Another instance where visible difference was likely a key part of the plot is in the new character, Felix Rosenfeld, a “high chair pedlar.” The overtly Jewish name paired with a well-known racialized archetype raises questions about how this character was performed. At this point in American history, vaudeville and variety sketch were the most popular form of theatre. These styles often drew on ethnic stereotypes. Like blackface minstrelsy, another mainstay on the vaudeville circuit, ethnic parody emphasized characters’ physical differences with performers using exaggerated accents, makeup, and props to play up the joke.

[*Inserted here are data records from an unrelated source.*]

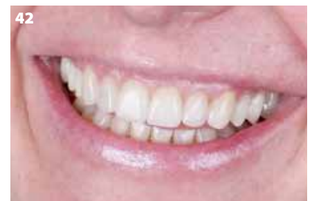
Figure 42: Harmonious view of the lips. Shape and colour adapt extremely well.
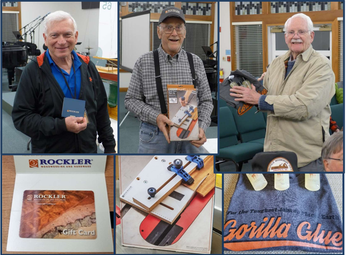
$50 Rockler Gift Card
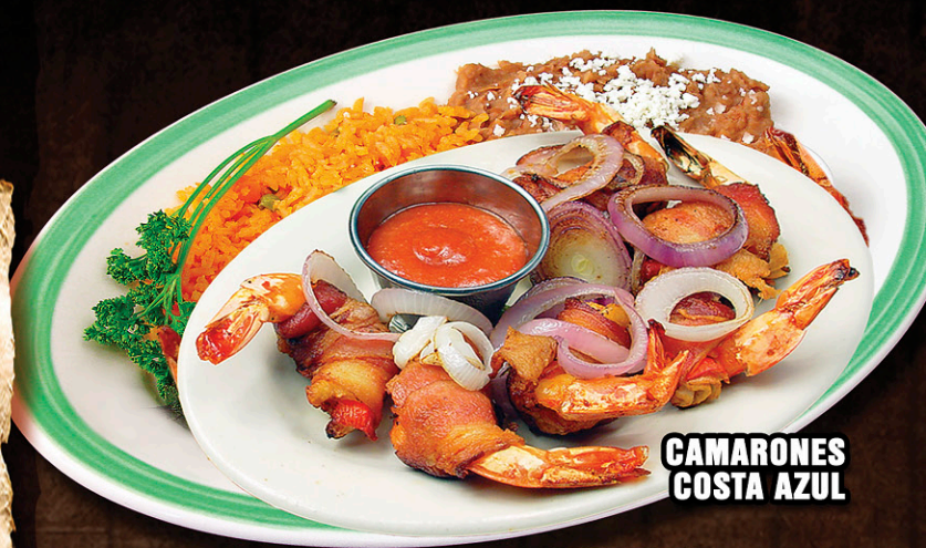
CAMARONES COSTA AZUL

Stuffed with shrimps, octopus, clams & abalone.
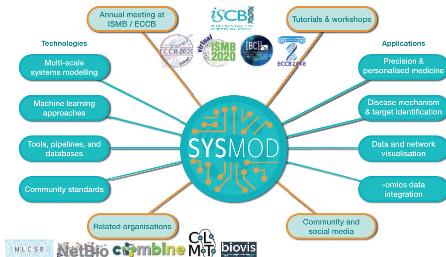
Fig. 1. Overview of the COSI SysMod. SysMod is an organisation within the ISCB that offers a variety of activities to its community, such as tutorials, workshops and annual meetings as part of the conferences ISMB/ECCB. To this end, it provides various channels for communication, including popular social media platforms and mailing lists. SysMod connects researchers from diverse fields whose expertise covers a plethora of topics on technologies and their applications. Members of the SysMod community are active in related organisations, such as those shown to the bottom left.
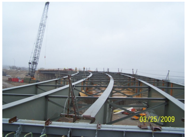
The new flyover bridge from SR 4 southbound to I-75 southbound
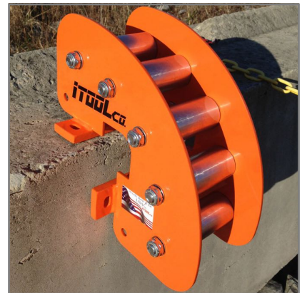
Will roll rope or wire over any edge

Rounding curbs, edges, or pipes on wire pulls has never been easier. With iTOOLco's Curb Rollers™, wire rides on multiple bearinged rollers for a smooth feed around any sharp corner. Perfect for many different pulling and feeding situations - curbs, manholes, in and out of electrical boxes - the specialized roller design makes the tool perfect for most jobsite applications.
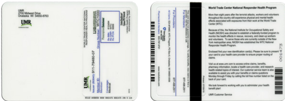
Member ID Card

If you are having a problem filling a prescription, you should ask the pharmacist to call the NPN Case Management department toll-free at 1-877-498-2911 , Monday - Friday, 7am-5pm.
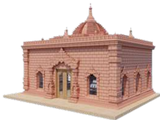
■ No. 020 ■ Area: 63m 2
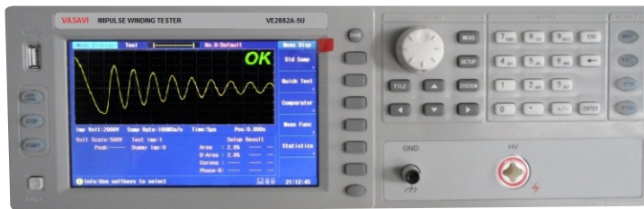
Single Channel Impulse Winding Tester
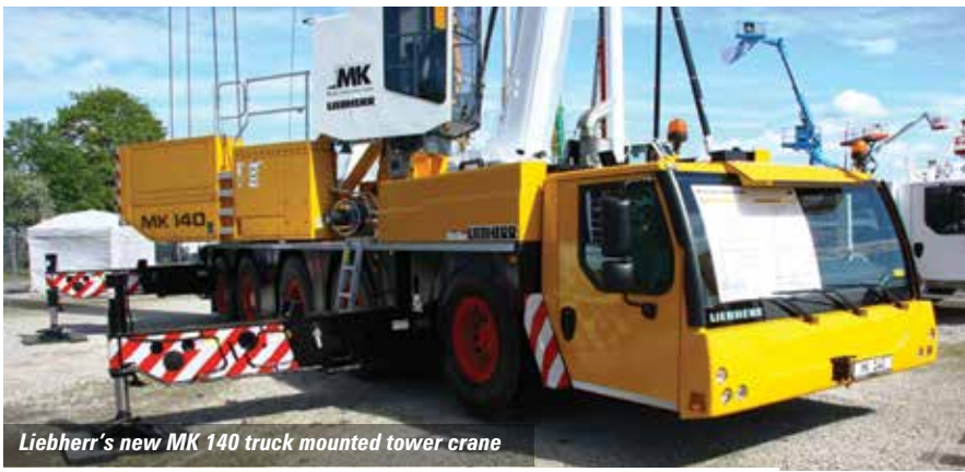
Liebherr's new MK 140 truck mounted tower crane
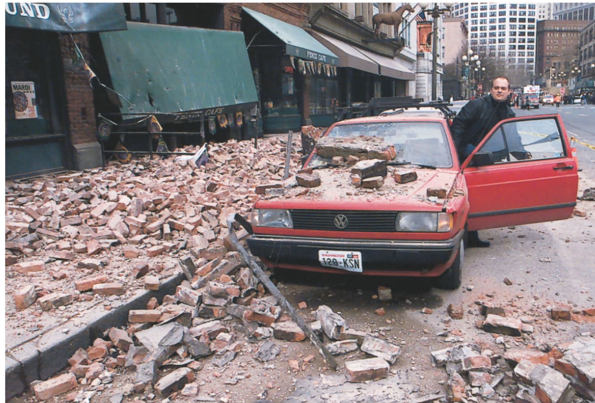
Damage in Seattle, WA from a 2001 earthquake
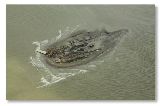
W10 Berm Initial Pad- September 19, 2010
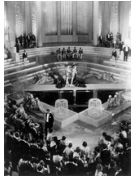
L'Argent, Marcel L'Herbier, 1928. Set design by Lazare Meerson and André Barsacq.

L'Argent ... is unquestionably [L'Herbier's] greatest film, I think it's even one of the two, three or four silent films pieces of work which even today can still completely engage our sensibility. It's not as perfect as Pandora's Box by Pabst for example, which for me is the greatest film of the silent era, but it's comparable. And to me, it goes along with, I'd say, Fritz Lang's Mabuse films, Gance's La Roue - those are the few films which today, due to their complexity, the contradictions they examine and so on, remain current. For a long time, I thought it was exclusively down to their technical innovations. It's certainly not the first film to use camera movement that way but it's definitively one of the silent films, if not the first silent film to use them with such zest, such enthusiasm and even ostentation.

The second cast list does not reveal how the actor playing Rosenfeld interpreted the character—maybe it was a nuanced portrayal of Jewish identity—but within the context of the ERO, it seems reasonable to speculate the actor would have drawn on other contemporary performances that mocked Jewish accents, religious rituals, and anatomy (3).  Like “Hare Lip Peggy,” the character of Felix Rosenfeld joined the students’ study of racial(ized) traits to the performance. 

photo of typed page
Cast list for Acquired or Inherited?, 1913. Charles Davenport Papers, B. D27, Series II: Cold Spring Harbor Series, APS.

Third cast list: August 4, 1913
With the third cast list in the folder, there are few changes to the characters and synopsis. For this August 4, 1913 production, the world of the play is specified as taking place in Pine Valley, Connecticut. Felix Rosenfeld has been replaced with Jim Weeks, who is similarly described as a “Happy-go-lucky peddler.” Eugene Traveller has become Eugenie, played by Ethel Thayer, reflecting the growing number of women coming the ERO to learn eugenics. Thayer, like other new cast members such as Elizabeth Greene (playing Jean Reed), Frederick Hodge (playing David Reed), Tracey Tuthill (playing Lester Gordon), and William Dealy (playing Jerry Dunbridge), were all students in the 1913 ERO training class.  

With students of the 1913 ERO training class included in the production, Acquired or Inherited? took on a new pedagogical aim. With students on stage, especially as Eugenie Traveller, they had to perform eugenic research for their spectator-peers. As they are being trained to go out into the field and interview families, physicians, and local genealogists, students on stage at the ERO are not just watching a simulacrum of their research but rehearsing what their performance of eugenic science will look like in future field work. In theatrical performance, students learned how to follow a script to conduct their research, preparing them to improvise interactions with subjects in the field.  

Even without a full script, much can be gleaned from the skinny “Play: Acquired or Inherited?” folder. And yet, there are many questions left unanswered. What role did Eugene/Eugenie play in facilitating Jean’s marriage? How did the comedic figures shape the story’s narrative? What physical differences were made visible using props, costumes, make up, and gestures? And why did the ERO stop performing the play (or stop saving cast lists) after 1913? While this folder only gives a small glimpse into this fascinating moment of eugenics history, it shows how eugenicists were thinking about their work as something worth being celebrated on the stage. 
 

References

  1. Nicole Hahn Rafter, White Trash: The Eugenic Family Studies: 1877-1919 (Northeastern University Press, 1988), 29.
  2. Cold Spring Harbor Song Book,” n.d. Waclaw T. Szybalski Collection. Cold Spring Harbor Laboratory Archives. In addition to the song book referenced, the students’ annual magazine “The Hooper Up” describes the boat trips and their love for clambakes. Charles Davenport’s daughter, Jane, was a regular contributor and illustrator. See “The Hooper Up,” The Brooklyn Institute of Arts and Sciences–Biological Laboratory Collection, Cold Spring Harbor Laboratory Archives.
  3. For more information about Jewish stereotypes during this time, see Harley Erdman, Staging the Jew: The Performance of an American Ethnicity, 1860-1920 (Rutgers University Press, 1997), 114-143. For a longer history of Jews on the American stage, see Heather Nathans, Hideous Characters and Beautiful Pagans Performing Jewish Identity on the Antebellum American Stage (University of Michigan Press, 2017).